Rebecca Melnyk: Cybersecurity is a significant topic in 2017. The dawn of the Internet of Things—physical objects connected to the Internet—is well underway, but is also heightening the risk of cybersecurity breaches. While Internet-enabled building control systems are creating more functional assets they also make it easier for hackers to find gaps, compromise sensitive information and exploit organizations. Even though cost and liability are real consequences, the real estate industry downplays these threats. Meanwhile, governments and the regulatory community are just beginning to figure out what laws apply to IoT, while the insurance community is scrabbling to understand how to cover an attack. This year, there will be more push for cybersecurity laws and legal clarity, and more talk about protecting a property through contracts and best practices.
Cheryl Mah: The City of Vancouver is tackling greenhouse gas reduction aggressively, approving its Zero Emissions Building Plan in 2016. The Plan includes four main strategies to transition all new construction in the city to zero operational greenhouse gas emissions by 2030. The plan puts the city at the forefront of the green building movement. The ambitious plan wants to fundamentally shift building practice in Vancouver in just under ten years. Stay tuned.
Erin Ruddy: In an attempt to counter the effects of rising utility costs and aging building stock, apartment owners are readily turning to technology to help them improve efficiencies. From state-of-the art boilers and advanced building automation, to simple LED lighting retrofits, one new system that got apartment owners talking in 2016 was cogeneration; otherwise known as CHP (combined heat and power). Defined as “the simultaneous production of electrical and thermal energy from a single fuel source,” cogeneration is a reliable way to produce power while redirecting ‘waste heat’ back into the building as useful energy.

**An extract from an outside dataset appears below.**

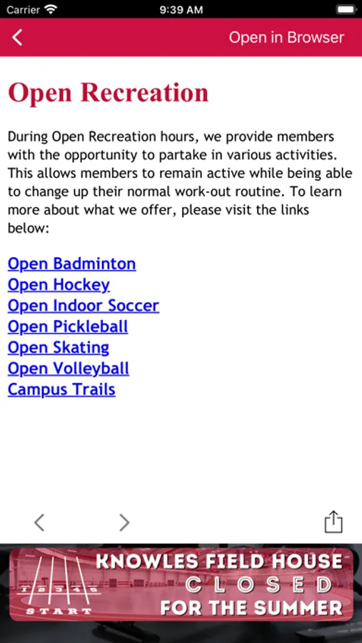 View hours of operation of Fitness Center, Climbing Gym, Knowles Field House, Ramer Field & Outdoor running track,

Cheryl Mah: While LEED certification is now standard practice for many projects, the green building rating system is not perfect. LEED v4 is the framework and benchmark for the next generation of green buildings and addresses many of the shortcomings of previous versions. Expect the conversation about how to ensure our built environment is truly sustainable (especially climate change) to continue.
Michelle Ervin: News about Ontario’s overhaul of outdated condominium laws slowed to a trickle in 2016 after a flurry of activity in 2015. Since the provincial government passed the Protecting Condominium Owners Act, bureaucrats have been busily drafting regulations that will bring to life reforms to the Condominium Act and flesh out the new Condominium Management Services Act. The government is preparing to bring the legislation into effect in phases, with the transition to licensing for condominium managers slated to begin in mid-2017.
Cheryl Mah: Safety is paramount in the construction industry, where the potential for injury is high. Owners and employers need to understand their obligations under the various regulations to make sure everyone goes home at the end of the day. The industry works hard to implement changes and improvements as concerns arise and that commitment to safety will not change.
Rebecca Melnyk: Bedbugs are on the rise in Canada. Last year, Montreal reported an epidemic as numerous reports piled in from multi-residential buildings. According to an industry expert in environmental management, these pests are also popping up in less publicized facilities, such as hospitals and high-end hotels. Manufacturers are responding with new inventions to combat infestation, while the environmental management field attempts to better educate owners on how to detect and take action to eradicate bedbugs.